Reduced secondary market catastrophe bond prices an opportunity for new investors

by Artemis on March 23, 2012

Regular readers of Artemis and those actively involved in the catastrophe bond and insurance-linked securities market will be fully aware that secondary market cat bond prices have been sliding in recent months. We’ve written many articles in recent months which references this downward pressure on cat bond price returns which has been a feature of the market since last October. Prices have now slid to such an extent that we are beginning to hear talk of the opportunity this is presenting to investors who are new to the ILS and cat bond space.

The extremely active last quarter of 2011 and first quarter of 2012 have seen a record amount of primary market catastrophe bond issuance.

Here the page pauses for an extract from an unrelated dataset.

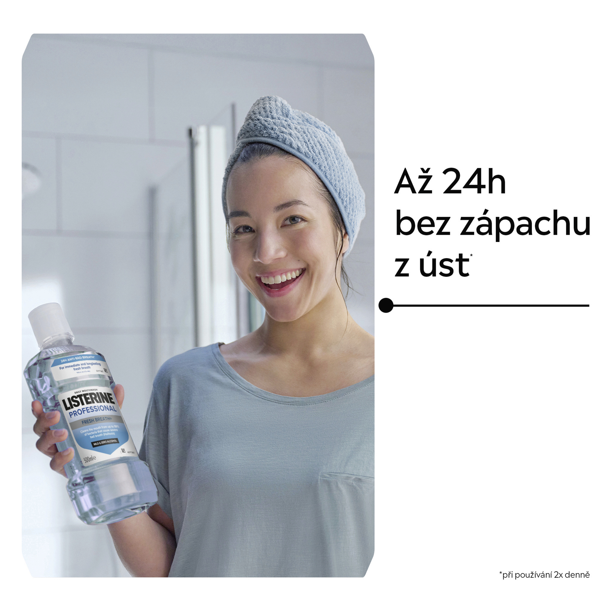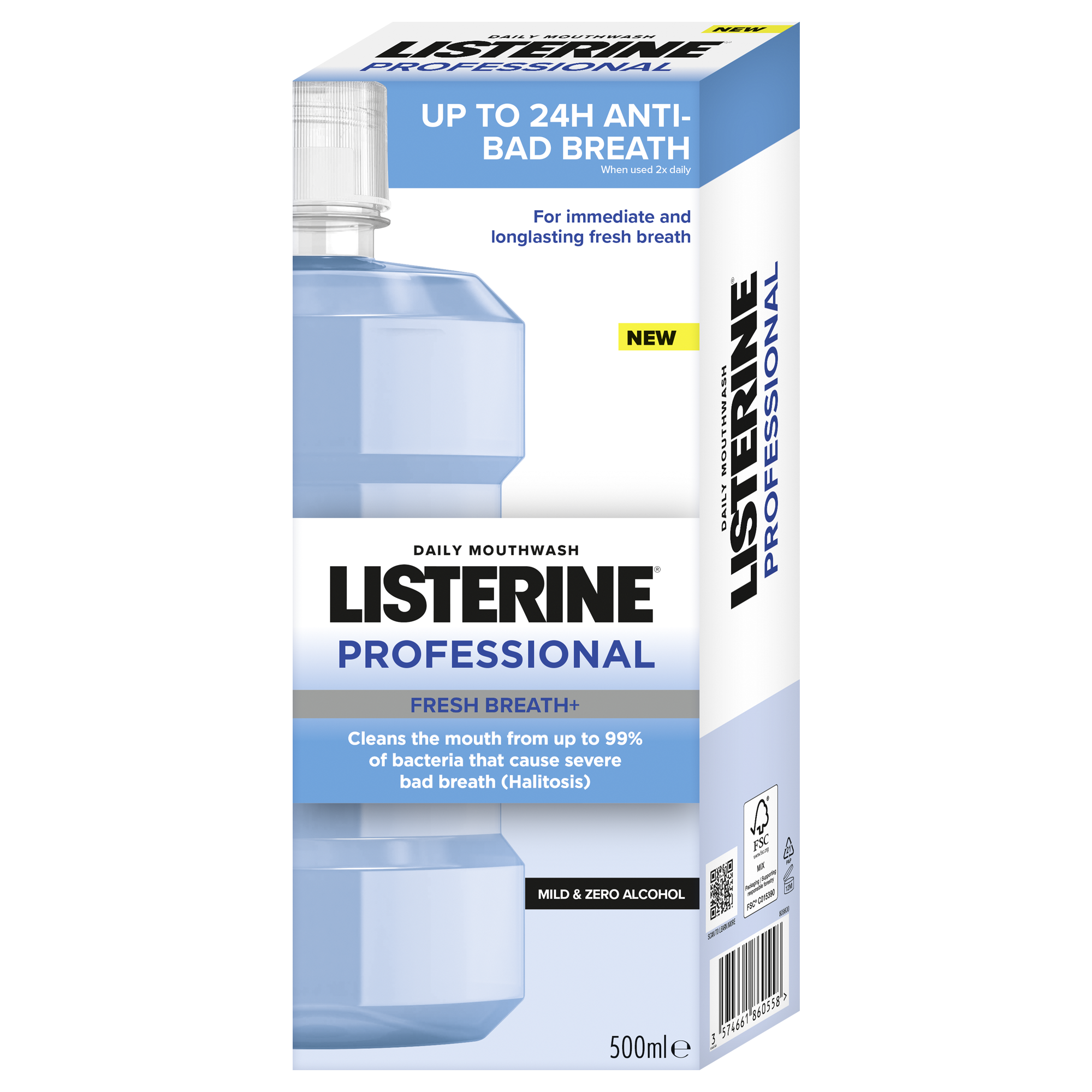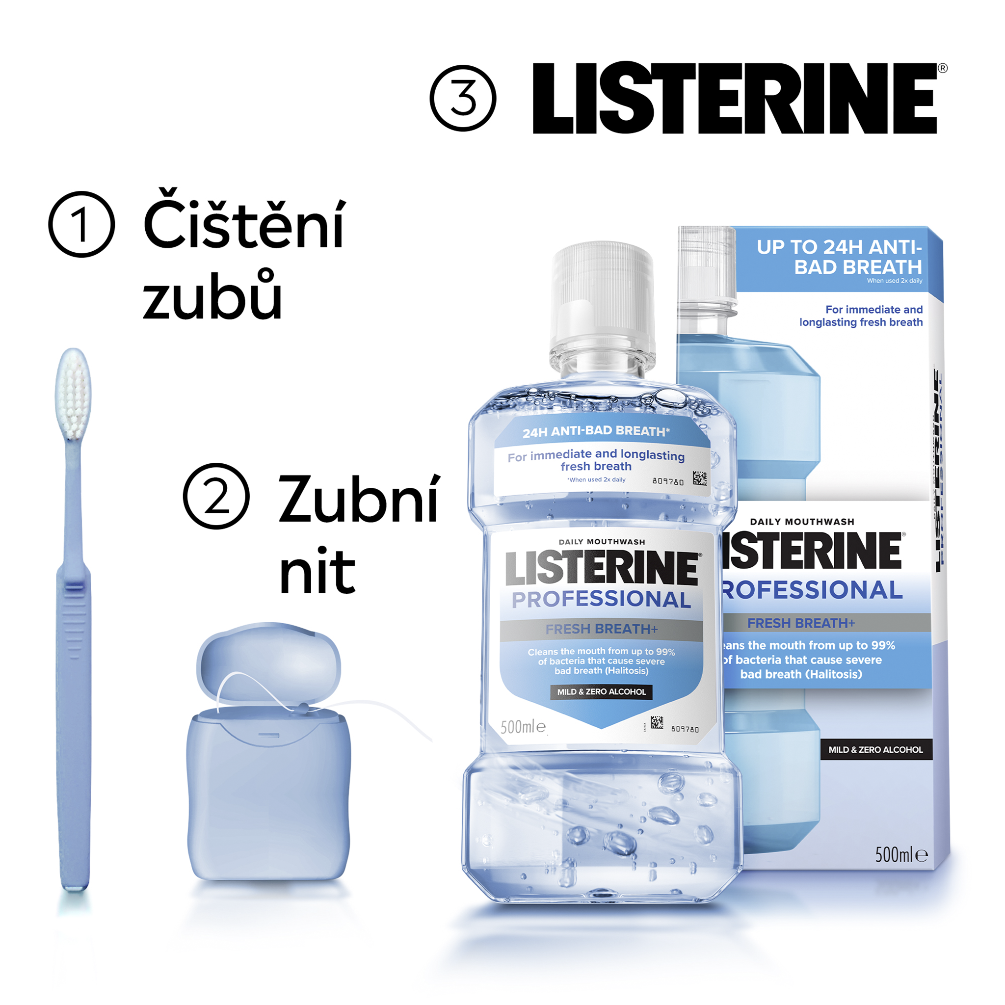 Ústní voda LISTERINE® PROFESSIONAL FRESH BREATH+ s esenciálními oleji, zinkem a technologií neutralizující zápach při používání 2x denně čistí ústa od bakterií, které způsobují silný zápach z úst (halitózu). Pro až 24h bez zápachu z úst*. Pomáhá chránit před bakteriemi, které způsobují špatný dech. Jemné složení, bez alkoholu. Nevysušuje ústa.

This has been the major cause of the depression of secondary market cat bond prices as investors have looked to the primary market to deploy capital in recent months. Essentially interest dropped in secondary cat bonds, except for where they have been required to maintain diversification within an investment portfolio or ILS investment fund.

The reduced prices of secondary market cat bonds and the reduced interest of the main investors in the market has given an opportunity to new investors, who may have been sitting on the sidelines of the cat bond and ILS space waiting for the right moment, to deploy their first capital into the sector. We’ve spoken to a number of investors who have backed this up and have recently made small investments in the cat bond space in secondary deals. They cited the low prices as a reason for now being the time they chose to invest. These aren’t large deployments of new capital by any means, however it is bringing new capital and interest to the space at a time of growth which is encouraging. New capital and new investors will be required if the cat bond and ILS market is to achieve any sustained period of growth over the next few years.

Zurich based ILS investment manager Plenum Investments has also noticed that secondary cat bond prices are at a point which could attract interest, as they say that they have noticed buyers turn back from the primary to the secondary cat bond market as prices there have become very attractive.

Value in secondary cat bond prices should help to sustain the price returns from dropping steeply even if primary issuance continues to be high and could be a contributing factor to overall market interest from investors and eventually growth.